++++ GIVEN DATA ++++

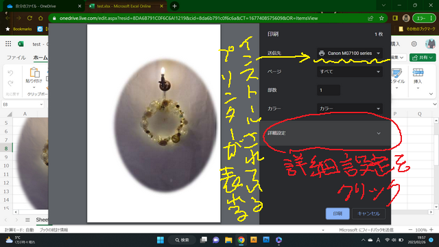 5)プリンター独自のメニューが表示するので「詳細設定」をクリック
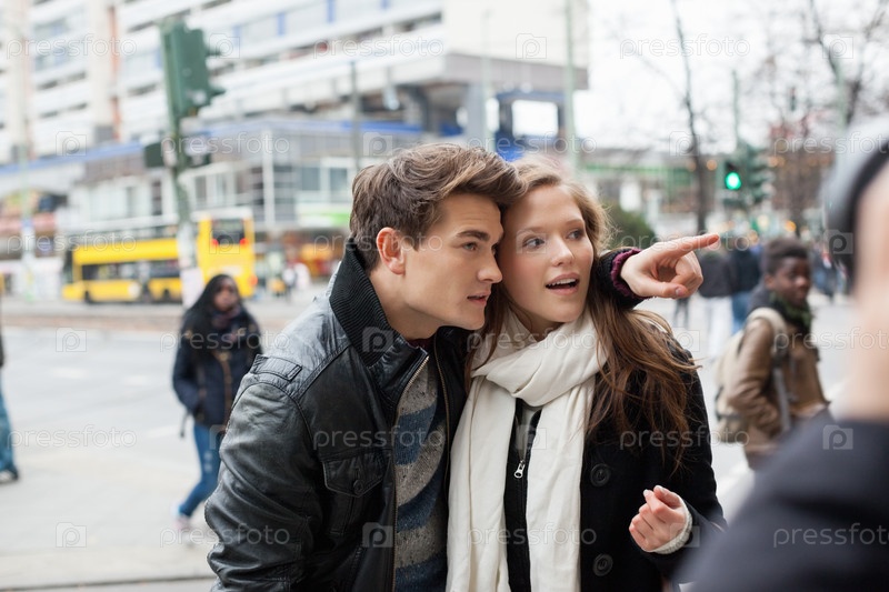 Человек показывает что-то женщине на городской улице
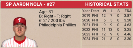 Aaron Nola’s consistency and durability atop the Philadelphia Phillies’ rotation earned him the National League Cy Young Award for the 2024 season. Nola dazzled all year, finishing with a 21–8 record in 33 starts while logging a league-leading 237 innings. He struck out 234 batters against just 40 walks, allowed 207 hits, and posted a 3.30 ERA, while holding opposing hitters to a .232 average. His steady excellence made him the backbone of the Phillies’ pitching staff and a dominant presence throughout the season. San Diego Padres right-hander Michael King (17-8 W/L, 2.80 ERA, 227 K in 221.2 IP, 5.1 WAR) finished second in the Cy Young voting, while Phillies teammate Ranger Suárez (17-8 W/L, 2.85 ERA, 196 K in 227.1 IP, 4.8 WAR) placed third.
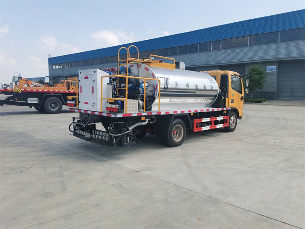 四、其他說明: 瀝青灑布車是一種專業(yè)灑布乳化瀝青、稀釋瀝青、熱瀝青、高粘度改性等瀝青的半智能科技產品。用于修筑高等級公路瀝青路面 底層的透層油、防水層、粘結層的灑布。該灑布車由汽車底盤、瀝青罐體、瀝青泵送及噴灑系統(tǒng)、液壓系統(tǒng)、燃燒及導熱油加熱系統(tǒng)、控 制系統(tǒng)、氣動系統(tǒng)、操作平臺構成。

++++

### EXERCISE OBJECTIVE
Please transcribe the listing exactly as it stands, but omit its pictures.

### RESULT
 5)プリンター独自のメニューが表示するので「詳細設定」をクリック
 Человек показывает что-то женщине на городской улице
 Aaron Nola’s consistency and durability atop the Philadelphia Phillies’ rotation earned him the National League Cy Young Award for the 2024 season. Nola dazzled all year, finishing with a 21–8 record in 33 starts while logging a league-leading 237 innings. He struck out 234 batters against just 40 walks, allowed 207 hits, and posted a 3.30 ERA, while holding opposing hitters to a .232 average. His steady excellence made him the backbone of the Phillies’ pitching staff and a dominant presence throughout the season. San Diego Padres right-hander Michael King (17-8 W/L, 2.80 ERA, 227 K in 221.2 IP, 5.1 WAR) finished second in the Cy Young voting, while Phillies teammate Ranger Suárez (17-8 W/L, 2.85 ERA, 196 K in 227.1 IP, 4.8 WAR) placed third.
 四、其他說明: 瀝青灑布車是一種專業(yè)灑布乳化瀝青、稀釋瀝青、熱瀝青、高粘度改性等瀝青的半智能科技產品。用于修筑高等級公路瀝青路面 底層的透層油、防水層、粘結層的灑布。該灑布車由汽車底盤、瀝青罐體、瀝青泵送及噴灑系統(tǒng)、液壓系統(tǒng)、燃燒及導熱油加熱系統(tǒng)、控 制系統(tǒng)、氣動系統(tǒng)、操作平臺構成。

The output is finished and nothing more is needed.